The spotting started up again right after I wrote my entry yesterday, then stopped again this morning. Hopefully it will STAY away this time.
My temp went up, just a little bit, this morning. I had half-expected it to drop below coverline and bring on AF today, so I'm happy that it didn't.
I'm sure that all of my loyal followers ( ) are tired of reading about my minor temp drops and rises every day, and I apologize for the monotony of it all. It's just the rest of this week, and then it will all be behind me for at least another month. I swear that this is NOT my whole entire life. It's just what's sticking out at the moment.

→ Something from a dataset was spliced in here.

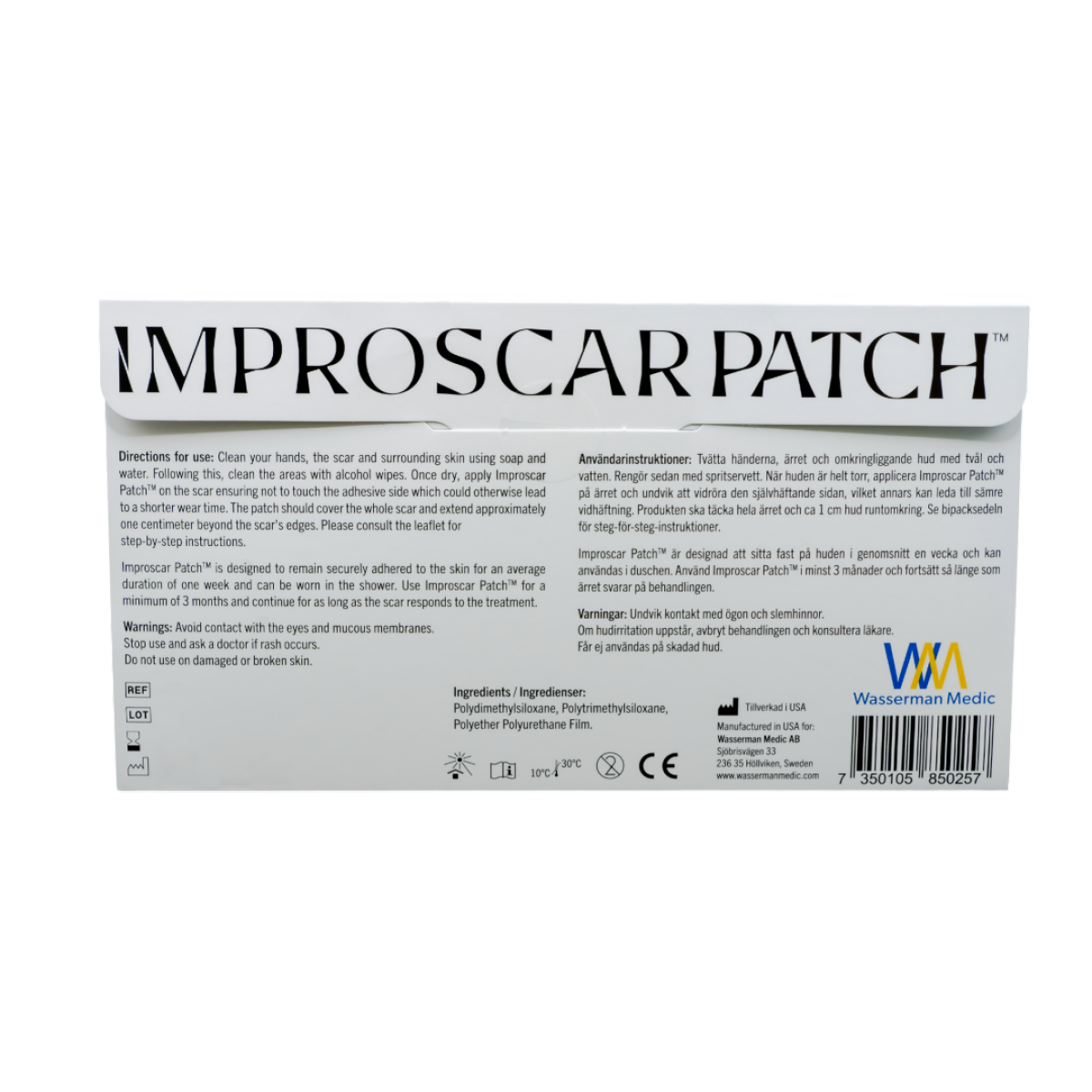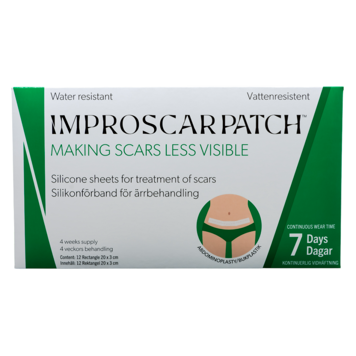 Improscar Patch Abdominoplasty este un plasture din silicon rezistent la apa, folosit pentru a reduce vizibilitatea cicatricilor estetice dupa o operatie de abdominoplastie sau tummy tuck. Fiecare Improscar Patch ramane aplicat pe cicatrice aproximativ o saptamana si poate fi purtat si la dus. Improscar Patch Abdominoplasty contine plasturii necesari pentru a reduce vizibilitatea cicatricilor ce apar in urma unei astfel de interventii.
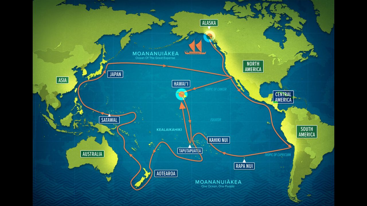 Hokulea leaving Honolulu to start the Moananuiakea Voyage.

Dyed my hair red (again) a few days ago, and Yari (<+>) requested pictures. So I oblige here, though there honestly isn't much to see. I wish I had the guts to dye my hair blue. For some reason, my whole world is revolving around the color blue right now. It feels like it matches me perfectly at the moment. Some day, perhaps, when I've left behind the constricting suckiness of Montana.
On to pictures:
I'm right under the light here. Thought it would help show off the color better. It didn't.
Color shows a little bit better here:
There now. Wasn't that exciting?
Ohhh love the color Ally, you look so dark and mysterious in that first pic, kind of devious!
By the way....if you are focused on your temp dips and jumps, so are we! This is your journal, you can post whatever you and want and you know we'll still read it!